Frequent physical activity breaks, on the other hand, are natural energy boosters, stress relievers and creativity enhancers. This means you're able to work more, but remain sensitive to your body's fatigue gauge. Frequent breaks, especially if there's a little movement involved, are shown to help reduce stress and feelings of being overwhelmed. This means they're an effective tonic in the never-ending fight against burnout.
Drop the Coffee?
We’re not suggesting that you boot coffee or your fave caffeinated drink to the curb. That is almost a certain way to have your behavior change fall flat. Like you, we want success for your well-being. That applies to you and anyone else seeking to wake up the exercise way.
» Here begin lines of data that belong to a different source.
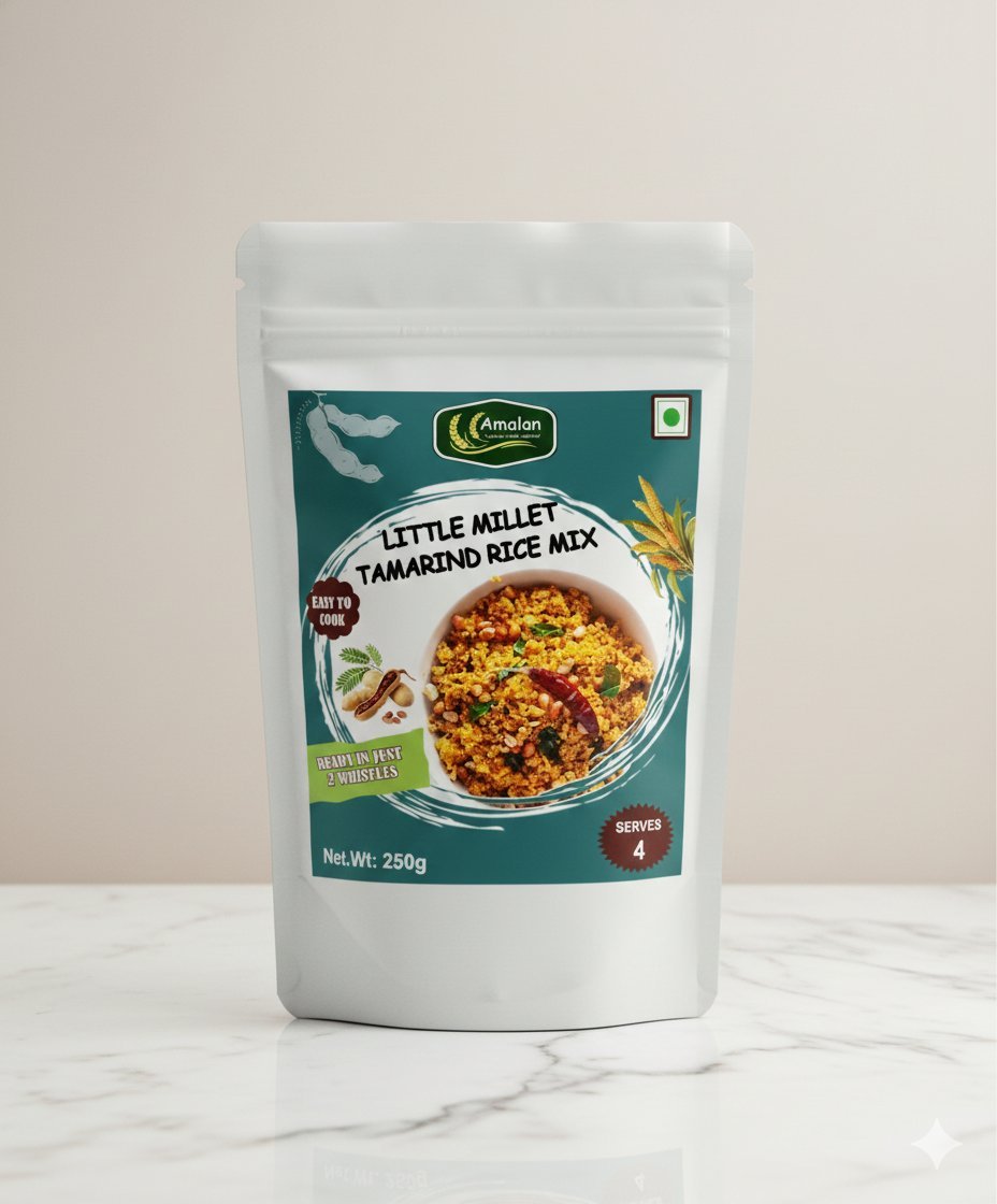 Give your everyday meals a healthy twist with our Little Millet Tamarind Rice Mix. Little millet is known for being gentle on the stomach, rich in fibre, and perfect for clean eating. Combined with a flavourful tamarind base and traditional spices, this mix delivers a dish that is tangy, aromatic, and truly comforting.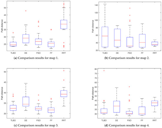 All the evolutionary algorithms used the same fitness function presented in (7). All the proposed methods are non-deterministic. To ensure the validity of the results, we ran each algorithm experiment 30 times on the same computer. The start and endpoints were the same for all the experiments. In Table 3, we present the comparison of the different methods. Notice that the evolutionary schemes have the best mean performance for maps 1, 3, and 4. In Figure 14, we show the box-and-whisker plots for each map and each method.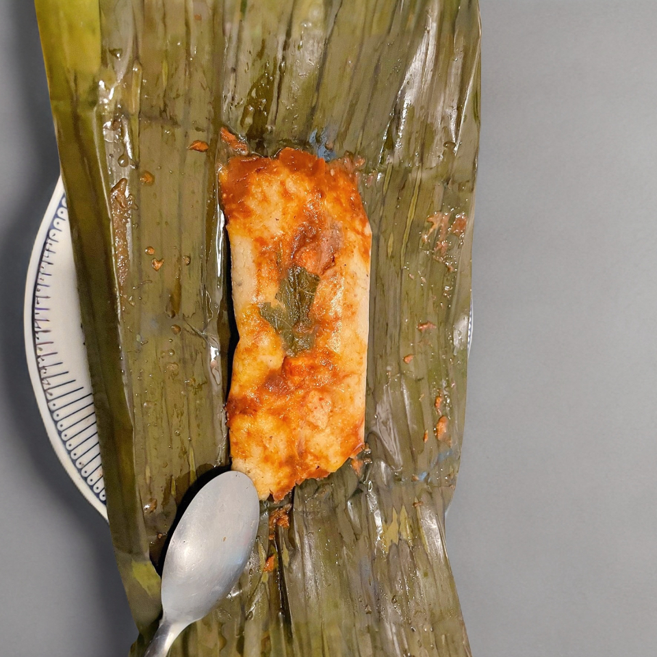 Tamal de masa de maíz con pollo en salsa roja casero, envuelto en hoja de plátano.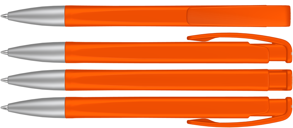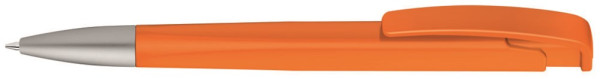 Druckkugelschreiber mit geometrisch wechselnder Schaftform, matt gedecktem Gehäuse und Metallspitze matt verchromt.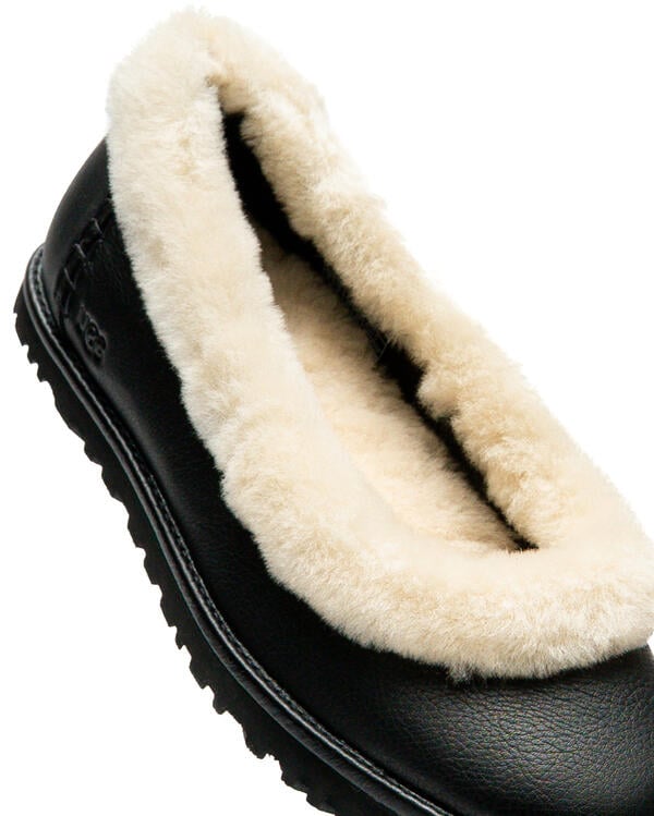 With our Zola, you're guaranteed to make a stylish entrance. We've taken everything you love about flat ballerina shoes and combined it with the signature UGG design: a leather upper, a plush lambskin insole, and a lightweight EVA sole made from sugarcane.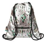 1 komora główna ściągana na sznurek 1 kieszeń zewnętrzna zapinana na suwak grube sznurki-szelki do noszenia na plecach wymiary: (wysokość) 45 cm, (szerokość) 38 cm waga: 250 g materiał z efektem glitter: poliester / bawełna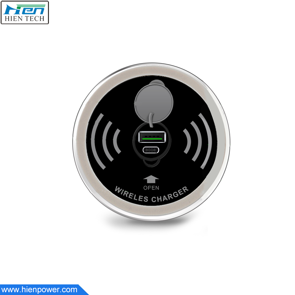 HE-6001U is a built-in fast wireless charger specially designed for furniture. The shell is chrome-plated and has 1 USB A and 1 USB C interface output. It is powerful, simple and elegant, easy to install and full of protection functions. , strong compatibility and so on. Mainly used in restaurants, hotels, bars, airports and other public places, as well as coffee tables, bedside tables, desks and other home or office scenes.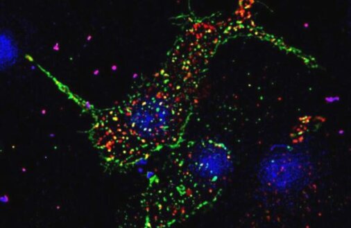 Ένα βήτα κύτταρο παγκρέατος που δείχνει σημεία με τη μορφή μεταφορέων GLUT σε πράσινο και κόκκων ινσουλίνης σε κόκκινο, τον πυρήνα του κυττάρου σε μπλε, ληφθείσα σε υπερ-ανάλυση με Zeiss-Elyra. Πίστωση: Anuma Pallavi.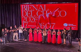 Para finalizar la ceremonia de apertura de la Bienal del Chaco, una acción artística cerró la jornada, como no podría ser de otra forma: Con el himno de esta edición 2026 compuesta por Alejandro Acosta y junto a la participación de Débora Monzón, Lourdes Orellanoz, Florencia Pared Ferrazzano, Pía Rolón, María de los Ángeles Solís y Daiana Soto, bailarinas del Ballet Ferrazzano, del Ballet Porfirio y del Ballet Contemporáneo del Chaco elencos de nuestra provincia que trabajaron juntos para esta gala de lanzamiento. Un momento de alto impacto y belleza para toda la audiencia con la sorpresiva aparición de Fabriciano facilitada por la IA.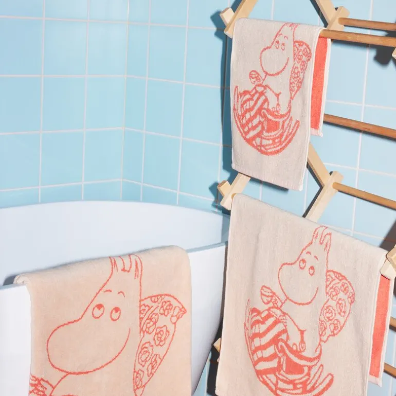 Dette myke og koselige Mummihåndkleet fra MoominArabia måler 30×50 cm og kommer i en vakker ferskenfarge med Mummimor som motiv. I historien bak designet bygger Mummimamma en steinhage, som dessverre blir ødelagt av uforsiktige pirater. Til tross for deres ugagn klarer Mummimamma å få piratene til å gjenoppbygge hagen, selv om arbeidet går sakte. Dette håndkleet kombinerer funksjonalitet med en sjarmerende og morsom Mummidalen-historie, noe som gjør det til et perfekt tillegg til hjemmet ditt. Ideell for både barn og voksne som setter pris på eventyrene til Mummiverdenen.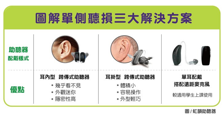 單側聽損也有分單耳、雙耳助聽器,不知道怎麼選擇?聽力師黃妤茜表示,選擇雙耳配戴跨傳式助聽器,可讓來自劣耳方向的聲音傳遞到優耳來聆聽,比起單耳聆聽範圍更廣,接收也能更全方位。若需要隱密性且對聲音清晰度有要求者,可選擇雙耳內型跨傳式助聽器;若長時間需要開會,可選擇聲音處理細膩度高的雙耳耳掛型跨傳式助聽器,還能搭配藍芽連接手機使用,符合一般職場上溝通的需求;若是多在課堂上室內的使用,可選擇單耳型助聽器,搭配遠距麥克風接收器,不管台上講師距離多遠,都能保持良好的聆聽效果,至於助聽器需要配戴至哪一耳比較合適,虹韻聽力照護專家會提供專業評估。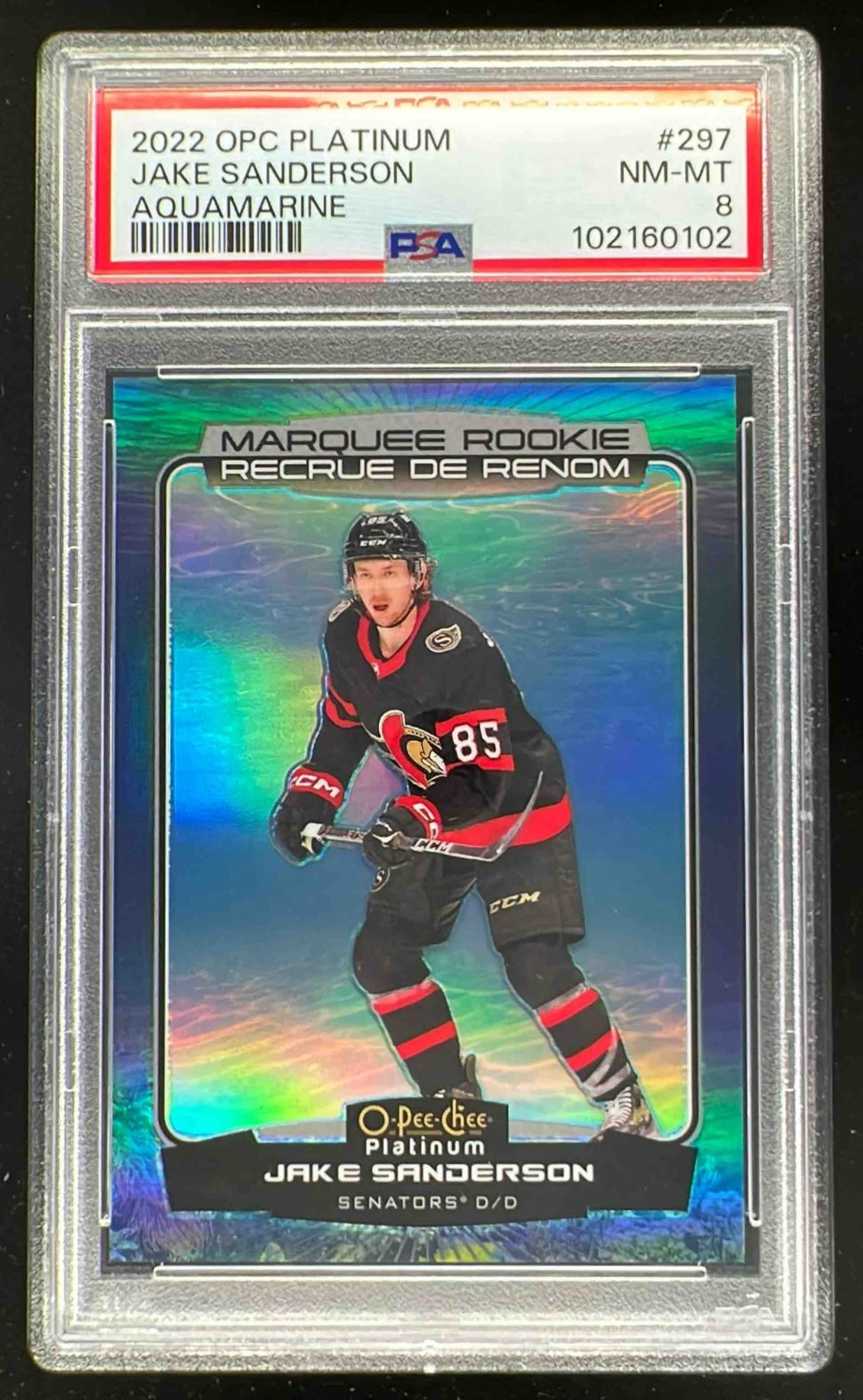 2022 O-Pee-Chee Platinum Aquamarine #297 Jake Sanderson RC /149 PSA 8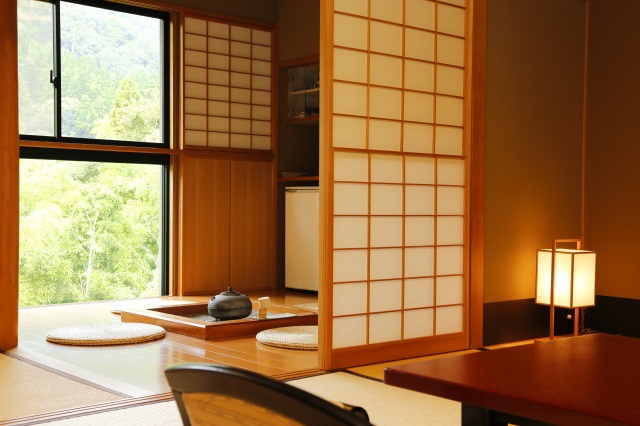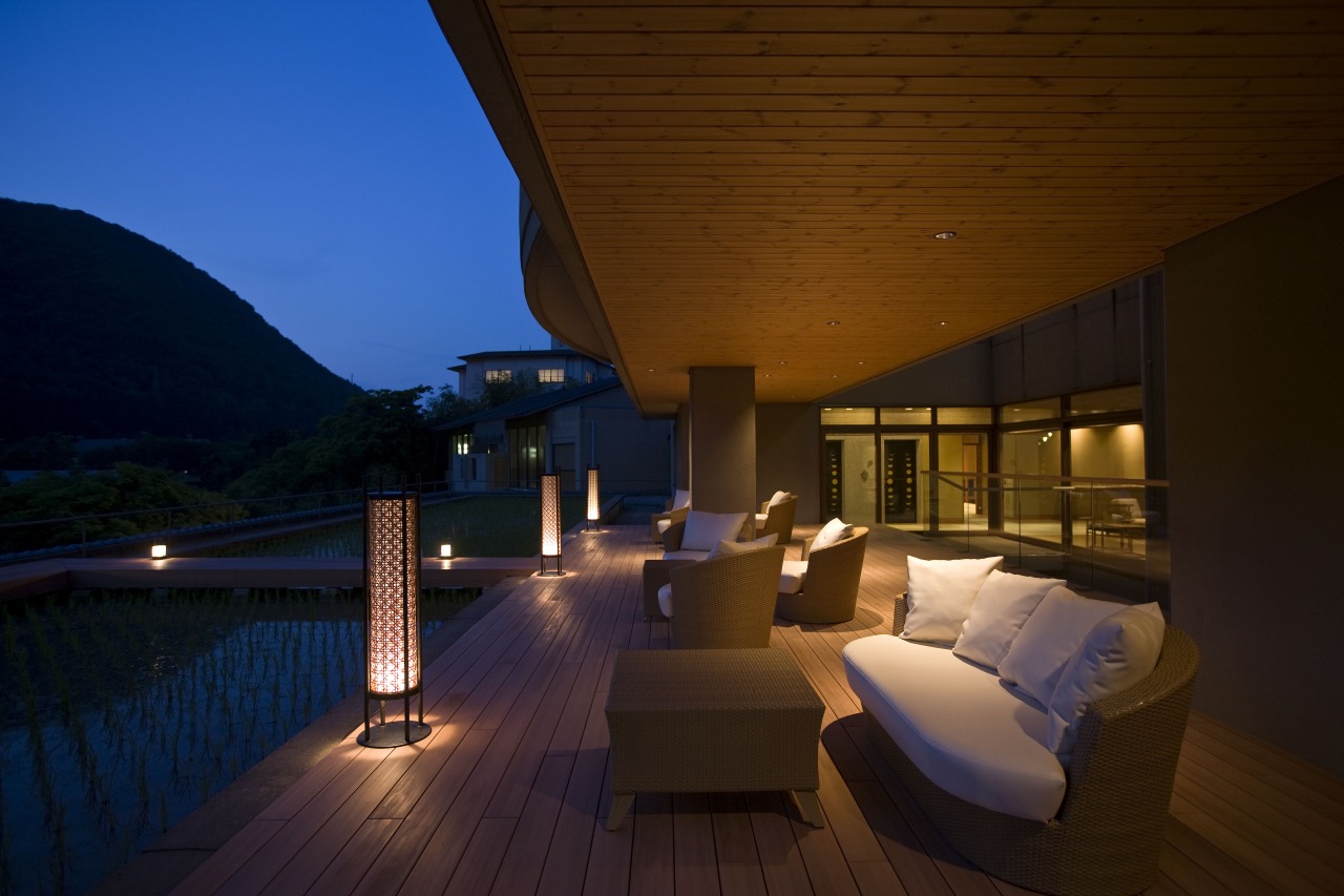 ロビー前庭に田んぼテラスを作り、稲を育てています。 八十八は米の字をモチーフにしており、厨は厨房を意味します。 カウンター席を中央に設けたオープン厨房の個室料亭街では出来たての料理を味わっていただききます。 食とおもてなしを大切にしたこだわりの宿です。

The idea is to balance out your energy-boosting requirements by adding frequent physical activity breaks to the mix. In some cases, try replacing a cup of coffee with a 1-minute physical activity break. See how you feel over the course of a week. In the afternoon, try and get rid of coffee entirely and replace it with movement breaks. This will help keep you productive while avoiding sacrificing crucial sleep quality to cross a few more items off the to-do list.